1. A computer implemented method for monitoring a system, the method comprising:
receiving, by a processor of the computer, a request including a primary system monitoring parameter to generate a system watch for monitoring the system;
based on the received request, identifying, by the processor of the computer, one or more system monitoring parameters correlated to the primary system monitoring parameter from a system monitoring parameter database; and
generating, by the processor of the computer, the system watch based on the primary system monitoring parameter and at least one secondary system monitoring parameter from the identified one or more system monitoring parameters.

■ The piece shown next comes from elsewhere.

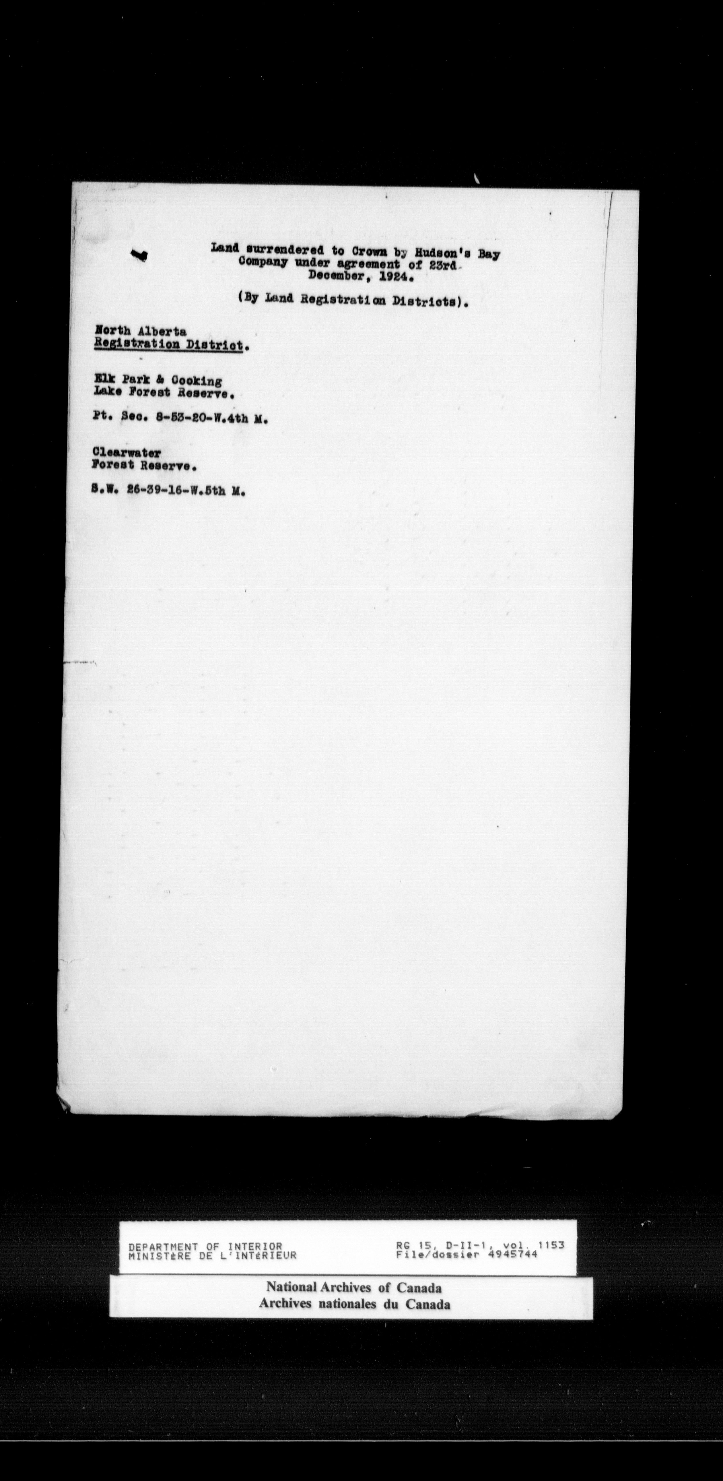 Central registry subject files created by the Dominion Lands Branch - 15522

2. The computer implemented method according to claim 1, further comprising:
comparing, by the processor of the computer, the generated system watch with a plurality of system watches stored in the system monitoring parameter database;
based on the comparison, identifying, by the processor of the computer, a matching system watch from the plurality of system watches stored in the system monitoring parameter database;
retrieving, by the processor of the computer, a corrective action associated with the identified matching system watch from the system monitoring parameter database; and
assigning, by the processor of the computer, the retrieved corrective action to the generated system watch.
3. The computer implemented method according to claim 1, wherein generating the system watch includes:
displaying, on a user interface of the system, the identified one or more system monitoring parameters;
receiving a user selection of the at least one secondary system monitoring parameter from the displayed one or more system monitoring parameters; and
generating, by the processor of the computer, the system watch based on the primary system monitoring parameter and the received user selection.

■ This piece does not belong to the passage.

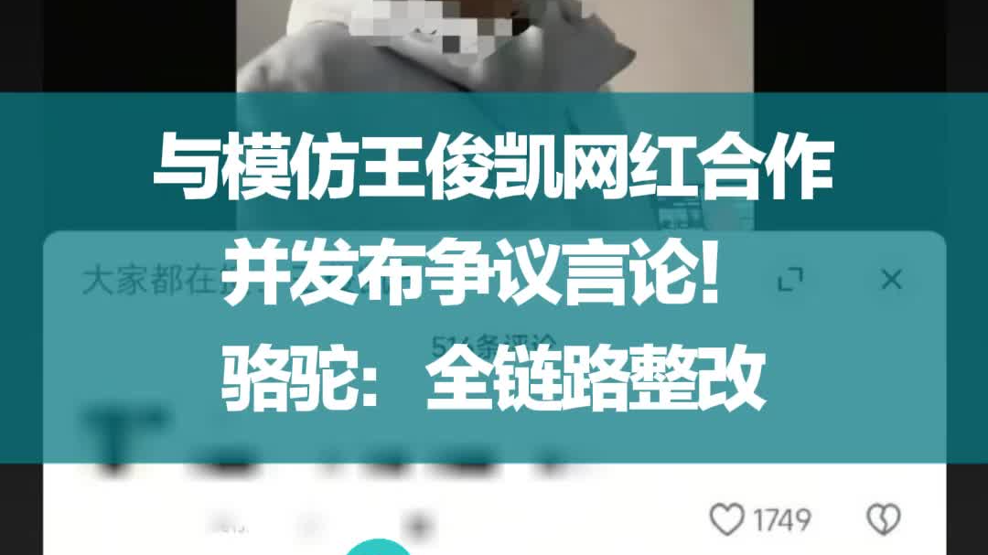 与模仿王俊凯网红合作,并发布争议言论!骆驼:全链路整改

4. The computer implemented method according to claim 1, wherein generating the system watch includes:
the processor of the computer, retrieving, from the system monitoring parameter database, maximum threshold values for the primary and the at least one secondary system monitoring parameter; and
generating, by the processor of the computer, a danger system watch equation for the system watch based on the maximum threshold values, and the primary and the at least one secondary system monitoring parameter.
5. The computer implemented method according to claim 1, wherein generating the system watch includes:
the processor of the computer, retrieving, from the system monitoring parameter database, minimum threshold values for the primary and the at least one secondary system monitoring parameter; and
generating, by the processor of the computer, a caution system watch equation for the system watch based on the minimum threshold values, and the primary and the at least one secondary system monitoring parameter.

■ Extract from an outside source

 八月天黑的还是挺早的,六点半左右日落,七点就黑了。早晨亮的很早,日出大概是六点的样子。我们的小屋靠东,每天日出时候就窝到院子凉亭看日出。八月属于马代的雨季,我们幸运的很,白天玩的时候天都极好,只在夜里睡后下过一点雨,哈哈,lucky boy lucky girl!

6. The computer implemented method according to claim 1, further comprising:
based on a corrective action of one of the plurality of systems, receiving the request to create the system watch;
based on the received request, creating, by the processor of the computer, a copy of a system watch corresponding to the one of the plurality of systems; and
assigning, by the processor of the computer, the created system watch to the system.
7. The computer implemented method according to claim 1, wherein building the system monitoring parameter database including the one or more system monitoring parameters comprises:
receiving a system watch related input for a plurality of system watches; and
building, by the processor of the computer, the system monitoring parameter database based on the received system watch related input.
8. The computer implemented method according to claim 7, wherein building the system monitoring parameter database further comprises:
retrieving, by the processor of the computer, a plurality of system monitoring parameters from the received system watch related input;
computing, by the processor of the computer, a support value of the plurality of system monitoring parameters in the received user input;
comparing, by the processor of the computer, the determined support value of the plurality of system monitoring parameters with a predetermined minimum support value;
based on the comparison, identifying, by the processor of the computer, one or more system monitoring parameters from the plurality of system monitoring parameters; and
adding, by the processor of the computer, the identified one or more system monitoring parameters to a filtered set of system monitoring parameters.
9. The computer implemented method according to claim 8, wherein building the system monitoring parameter database further comprises:
computing, by the processor of the computer, a posterior probability of the filtered set of system monitoring parameters;
applying, by the processor of the computer, a genetic algorithm on the computed posterior probability;
based on the applied genetic algorithm, generating, by the processor of the computer, a correlation list including a plurality of system monitoring parameters, from the identified one or more system monitoring parameters, correlated to each other; and
storing, in the system monitoring parameter database, the generated correlation list.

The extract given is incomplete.